(RECORDS SUPPLIED Opens)

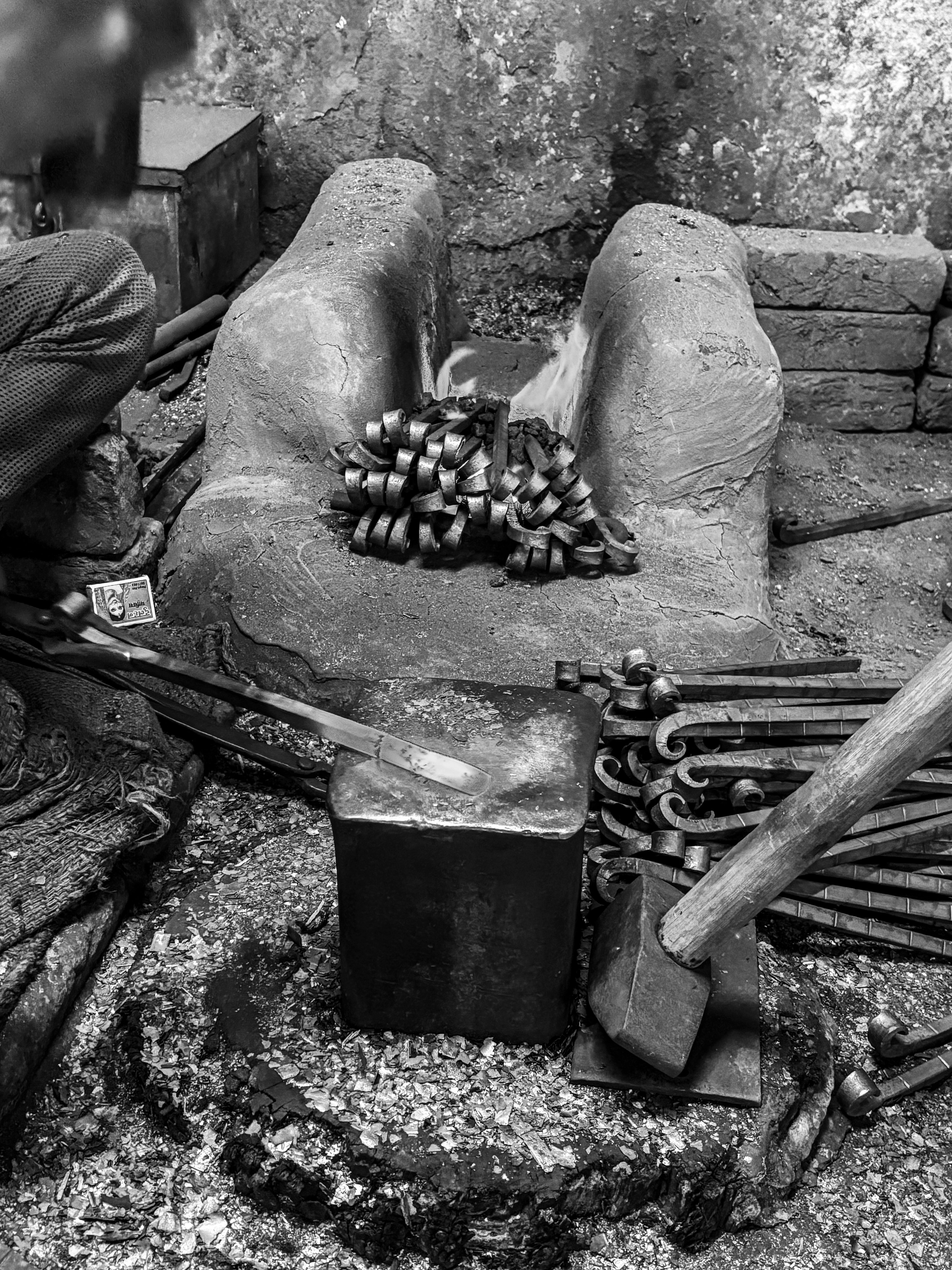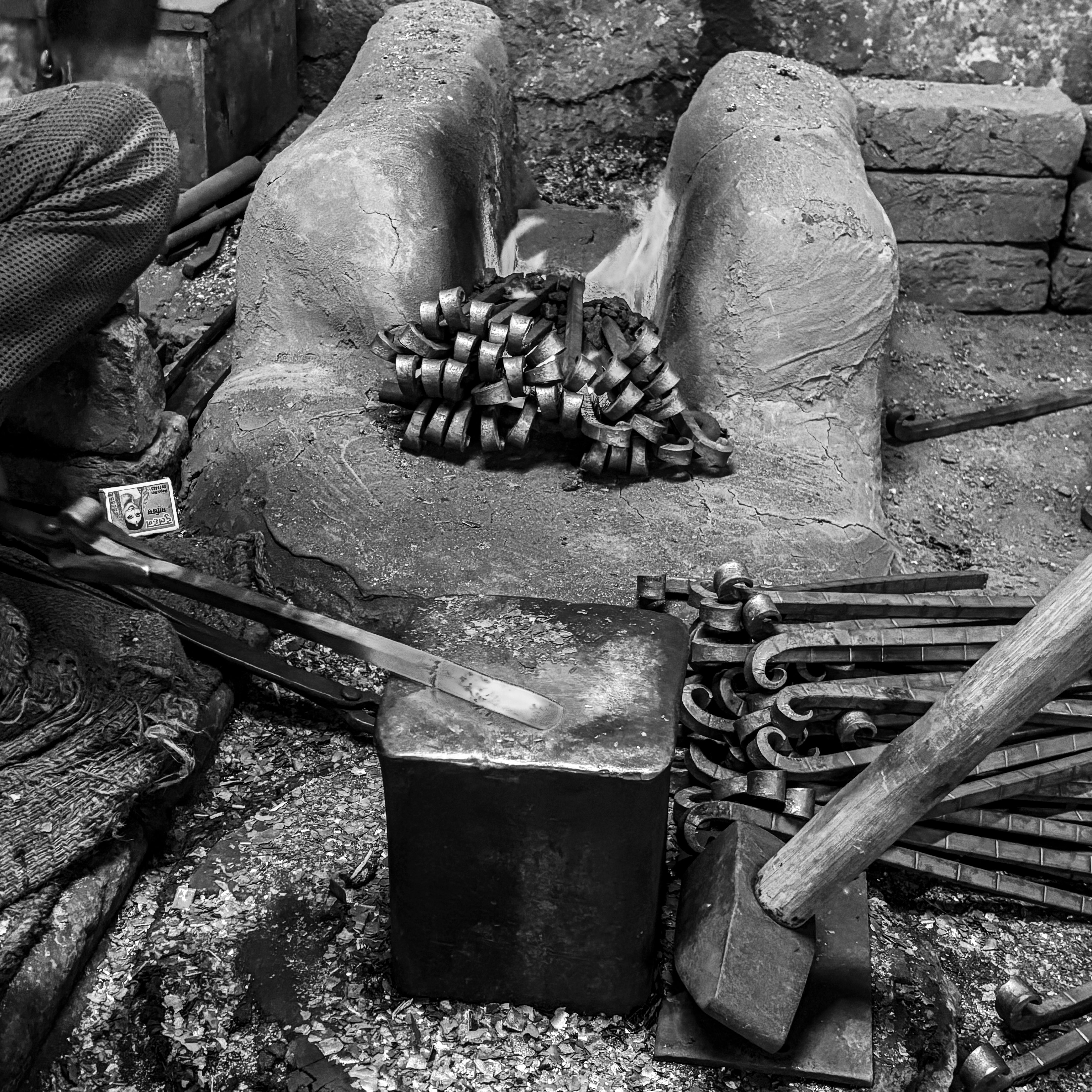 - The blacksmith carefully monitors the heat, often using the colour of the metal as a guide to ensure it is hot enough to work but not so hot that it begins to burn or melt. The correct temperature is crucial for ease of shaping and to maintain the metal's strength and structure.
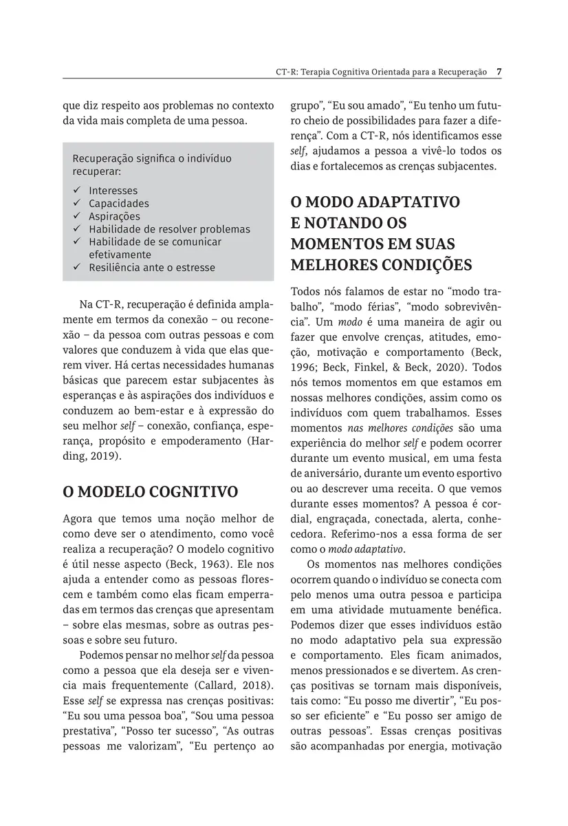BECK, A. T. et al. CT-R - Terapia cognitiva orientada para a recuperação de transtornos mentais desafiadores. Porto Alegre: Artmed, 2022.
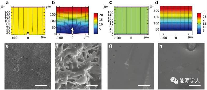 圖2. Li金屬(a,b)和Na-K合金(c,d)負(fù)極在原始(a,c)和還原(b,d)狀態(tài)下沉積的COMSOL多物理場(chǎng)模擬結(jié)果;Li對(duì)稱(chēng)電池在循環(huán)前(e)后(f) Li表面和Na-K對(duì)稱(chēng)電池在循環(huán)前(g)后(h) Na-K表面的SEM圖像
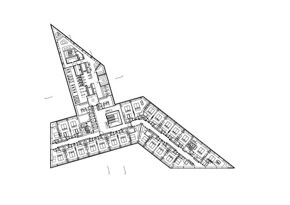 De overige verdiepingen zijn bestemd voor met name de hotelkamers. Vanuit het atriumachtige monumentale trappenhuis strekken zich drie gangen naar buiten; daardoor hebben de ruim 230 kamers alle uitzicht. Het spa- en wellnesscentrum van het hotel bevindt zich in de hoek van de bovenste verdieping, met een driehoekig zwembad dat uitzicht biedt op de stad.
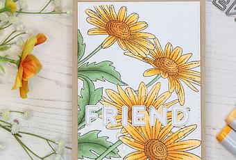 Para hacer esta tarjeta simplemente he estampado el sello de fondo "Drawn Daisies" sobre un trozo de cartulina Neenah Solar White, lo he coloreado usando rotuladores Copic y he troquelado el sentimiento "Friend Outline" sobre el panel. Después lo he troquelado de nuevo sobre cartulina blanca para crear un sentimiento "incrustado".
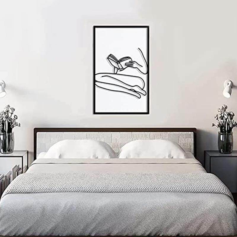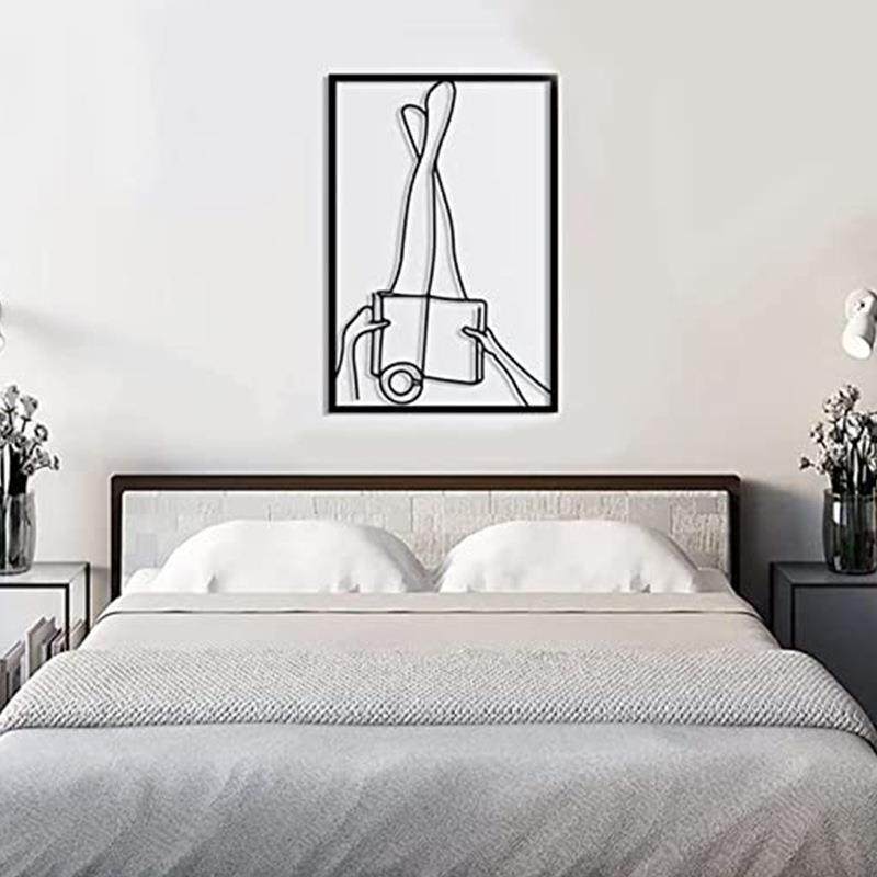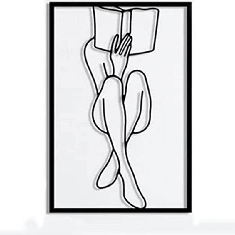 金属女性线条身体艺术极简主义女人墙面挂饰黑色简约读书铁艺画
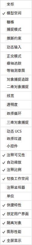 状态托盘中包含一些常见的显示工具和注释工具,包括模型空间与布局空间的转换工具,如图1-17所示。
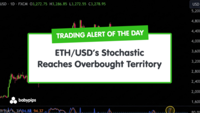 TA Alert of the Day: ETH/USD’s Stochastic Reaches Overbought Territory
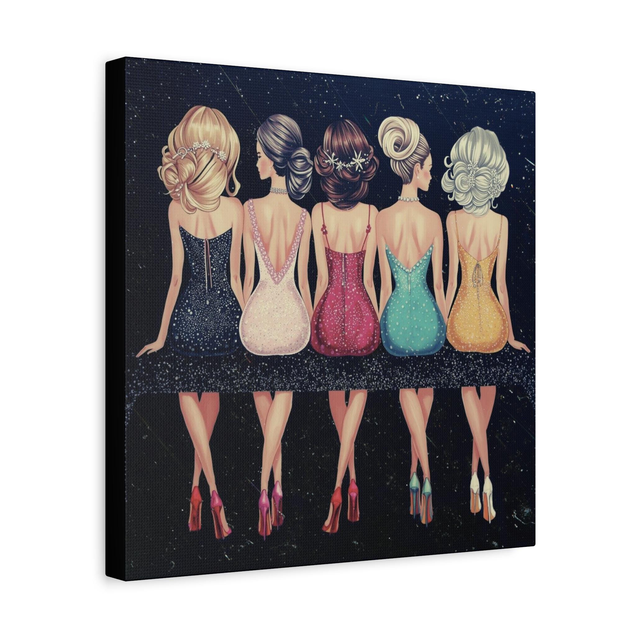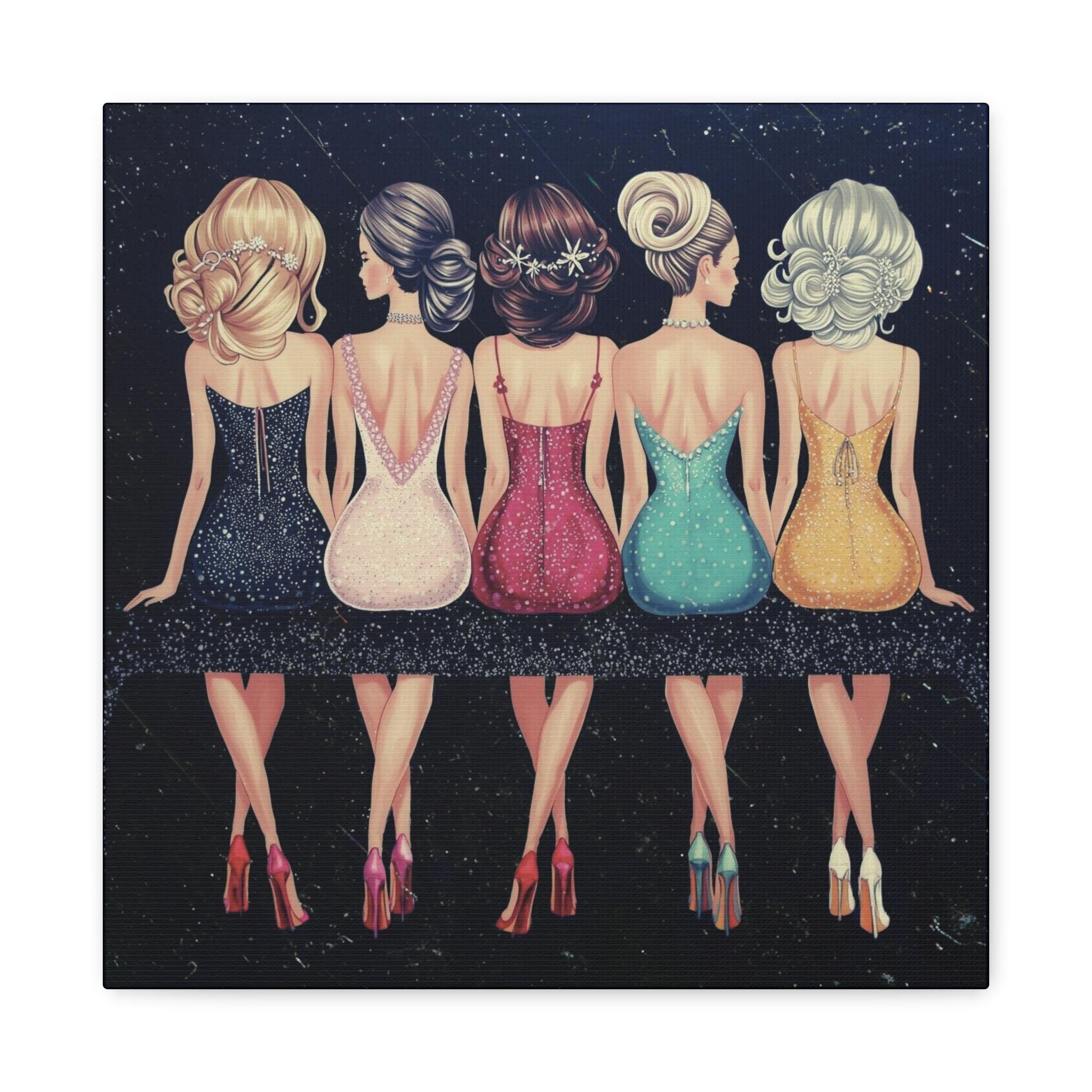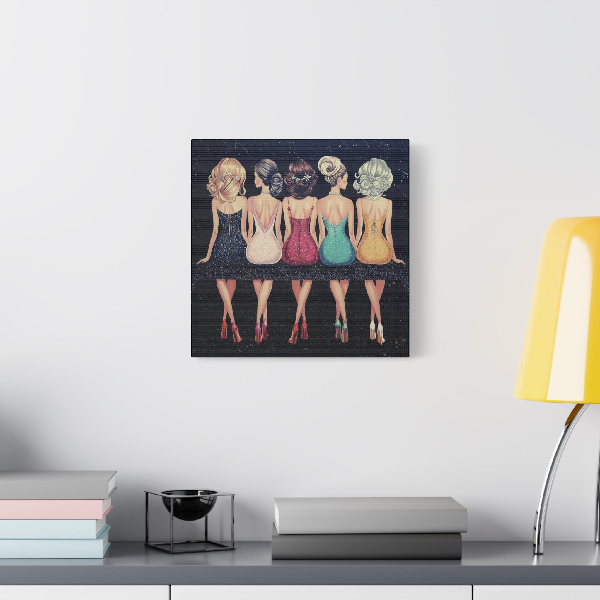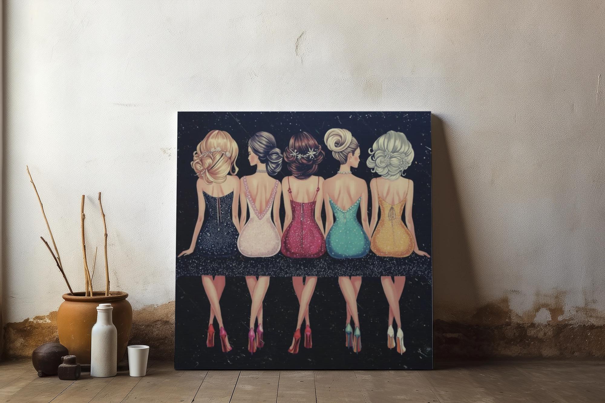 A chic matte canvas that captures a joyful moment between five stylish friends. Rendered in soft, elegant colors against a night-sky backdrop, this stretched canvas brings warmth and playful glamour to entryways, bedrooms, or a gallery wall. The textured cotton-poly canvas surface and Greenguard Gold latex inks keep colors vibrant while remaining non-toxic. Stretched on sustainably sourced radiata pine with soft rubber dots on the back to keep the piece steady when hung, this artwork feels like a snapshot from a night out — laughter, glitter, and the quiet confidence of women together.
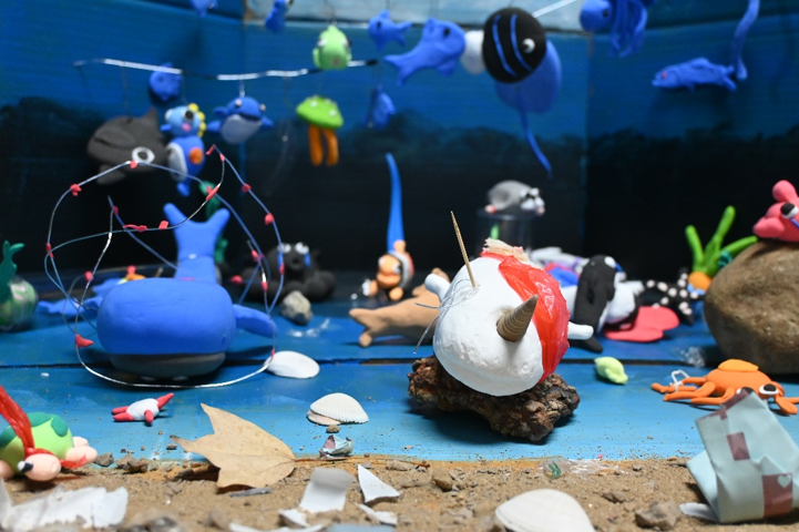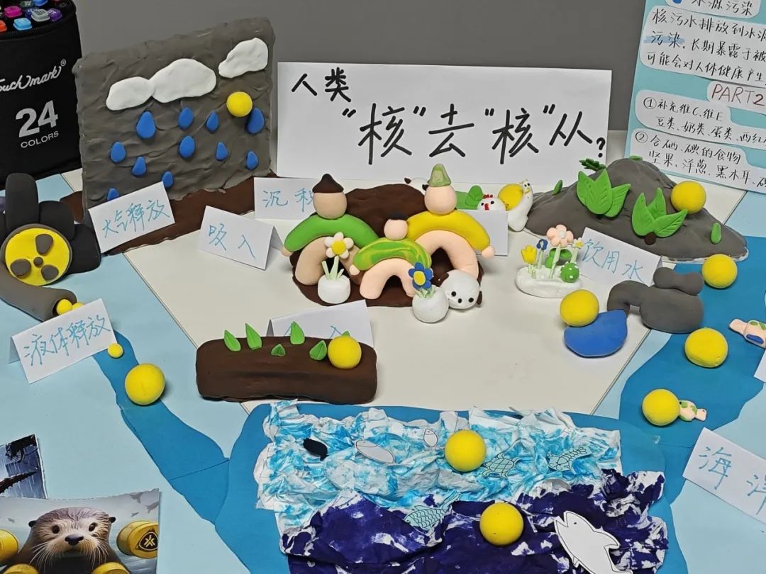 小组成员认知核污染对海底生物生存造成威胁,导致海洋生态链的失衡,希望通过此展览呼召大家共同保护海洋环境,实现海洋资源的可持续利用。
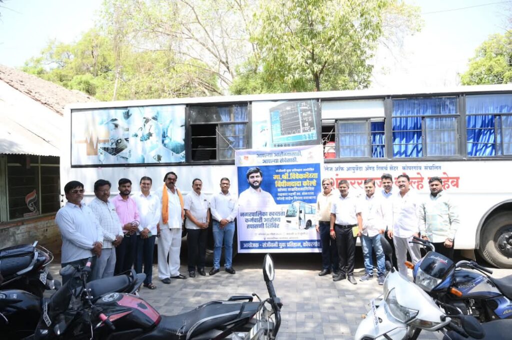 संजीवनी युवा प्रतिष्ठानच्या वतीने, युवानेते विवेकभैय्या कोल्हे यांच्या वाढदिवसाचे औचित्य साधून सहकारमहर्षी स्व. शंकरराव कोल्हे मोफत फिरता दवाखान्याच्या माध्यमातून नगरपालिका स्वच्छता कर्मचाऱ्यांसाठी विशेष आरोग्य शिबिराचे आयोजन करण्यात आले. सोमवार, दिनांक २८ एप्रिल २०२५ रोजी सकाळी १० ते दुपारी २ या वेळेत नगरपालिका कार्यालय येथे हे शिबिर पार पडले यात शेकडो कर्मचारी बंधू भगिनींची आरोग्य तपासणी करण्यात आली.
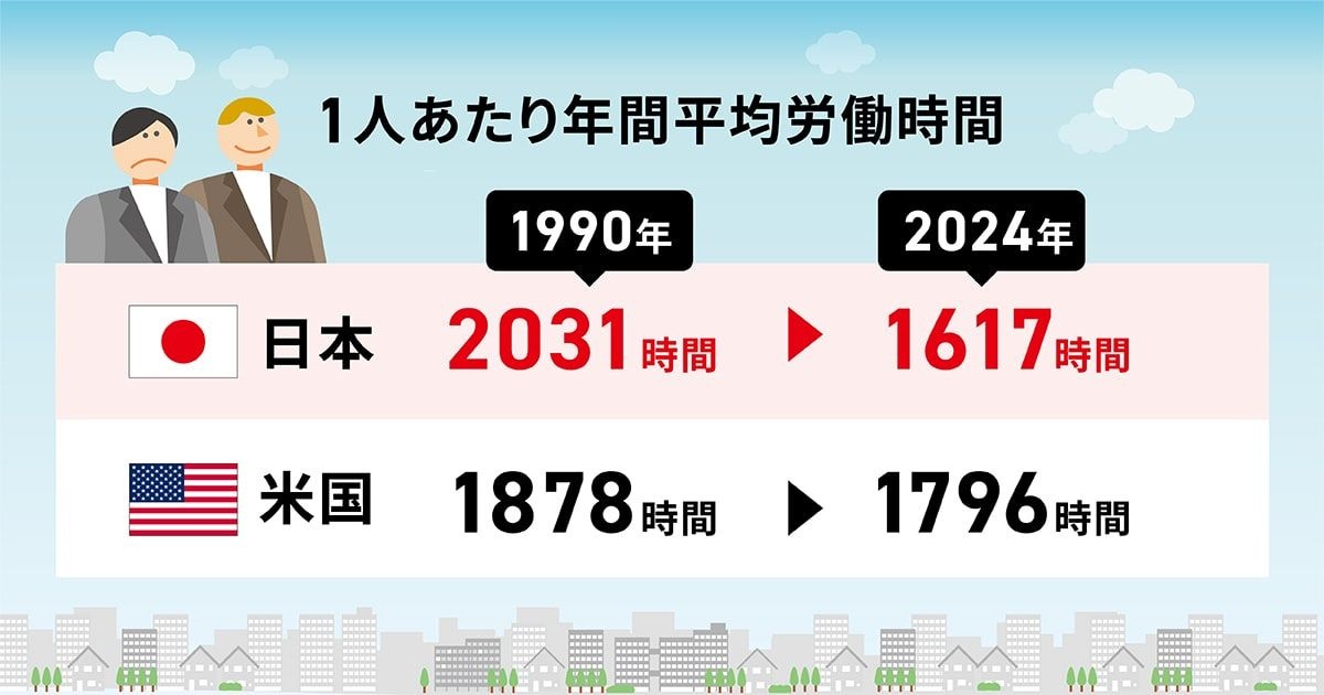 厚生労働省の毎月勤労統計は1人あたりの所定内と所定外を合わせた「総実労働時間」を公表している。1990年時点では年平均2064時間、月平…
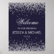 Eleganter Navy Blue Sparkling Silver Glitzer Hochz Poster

(RECORDS SUPPLIED Closes)

**EXERCISE DIRECTIONS**
The records above must be echoed exactly, minus their pictures.

**OUTPUT FOR THIS EXERCISE**
 - The blacksmith carefully monitors the heat, often using the colour of the metal as a guide to ensure it is hot enough to work but not so hot that it begins to burn or melt. The correct temperature is crucial for ease of shaping and to maintain the metal's strength and structure.
BECK, A. T. et al. CT-R - Terapia cognitiva orientada para a recuperação de transtornos mentais desafiadores. Porto Alegre: Artmed, 2022.
 圖2. Li金屬(a,b)和Na-K合金(c,d)負(fù)極在原始(a,c)和還原(b,d)狀態(tài)下沉積的COMSOL多物理場(chǎng)模擬結(jié)果;Li對(duì)稱(chēng)電池在循環(huán)前(e)后(f) Li表面和Na-K對(duì)稱(chēng)電池在循環(huán)前(g)后(h) Na-K表面的SEM圖像
 De overige verdiepingen zijn bestemd voor met name de hotelkamers. Vanuit het atriumachtige monumentale trappenhuis strekken zich drie gangen naar buiten; daardoor hebben de ruim 230 kamers alle uitzicht. Het spa- en wellnesscentrum van het hotel bevindt zich in de hoek van de bovenste verdieping, met een driehoekig zwembad dat uitzicht biedt op de stad.
 Para hacer esta tarjeta simplemente he estampado el sello de fondo "Drawn Daisies" sobre un trozo de cartulina Neenah Solar White, lo he coloreado usando rotuladores Copic y he troquelado el sentimiento "Friend Outline" sobre el panel. Después lo he troquelado de nuevo sobre cartulina blanca para crear un sentimiento "incrustado".
 金属女性线条身体艺术极简主义女人墙面挂饰黑色简约读书铁艺画
 状态托盘中包含一些常见的显示工具和注释工具,包括模型空间与布局空间的转换工具,如图1-17所示。
 TA Alert of the Day: ETH/USD’s Stochastic Reaches Overbought Territory
 A chic matte canvas that captures a joyful moment between five stylish friends. Rendered in soft, elegant colors against a night-sky backdrop, this stretched canvas brings warmth and playful glamour to entryways, bedrooms, or a gallery wall. The textured cotton-poly canvas surface and Greenguard Gold latex inks keep colors vibrant while remaining non-toxic. Stretched on sustainably sourced radiata pine with soft rubber dots on the back to keep the piece steady when hung, this artwork feels like a snapshot from a night out — laughter, glitter, and the quiet confidence of women together.
 小组成员认知核污染对海底生物生存造成威胁,导致海洋生态链的失衡,希望通过此展览呼召大家共同保护海洋环境,实现海洋资源的可持续利用。
 संजीवनी युवा प्रतिष्ठानच्या वतीने, युवानेते विवेकभैय्या कोल्हे यांच्या वाढदिवसाचे औचित्य साधून सहकारमहर्षी स्व. शंकरराव कोल्हे मोफत फिरता दवाखान्याच्या माध्यमातून नगरपालिका स्वच्छता कर्मचाऱ्यांसाठी विशेष आरोग्य शिबिराचे आयोजन करण्यात आले. सोमवार, दिनांक २८ एप्रिल २०२५ रोजी सकाळी १० ते दुपारी २ या वेळेत नगरपालिका कार्यालय येथे हे शिबिर पार पडले यात शेकडो कर्मचारी बंधू भगिनींची आरोग्य तपासणी करण्यात आली.
 厚生労働省の毎月勤労統計は1人あたりの所定内と所定外を合わせた「総実労働時間」を公表している。1990年時点では年平均2064時間、月平…
 Eleganter Navy Blue Sparkling Silver Glitzer Hochz Poster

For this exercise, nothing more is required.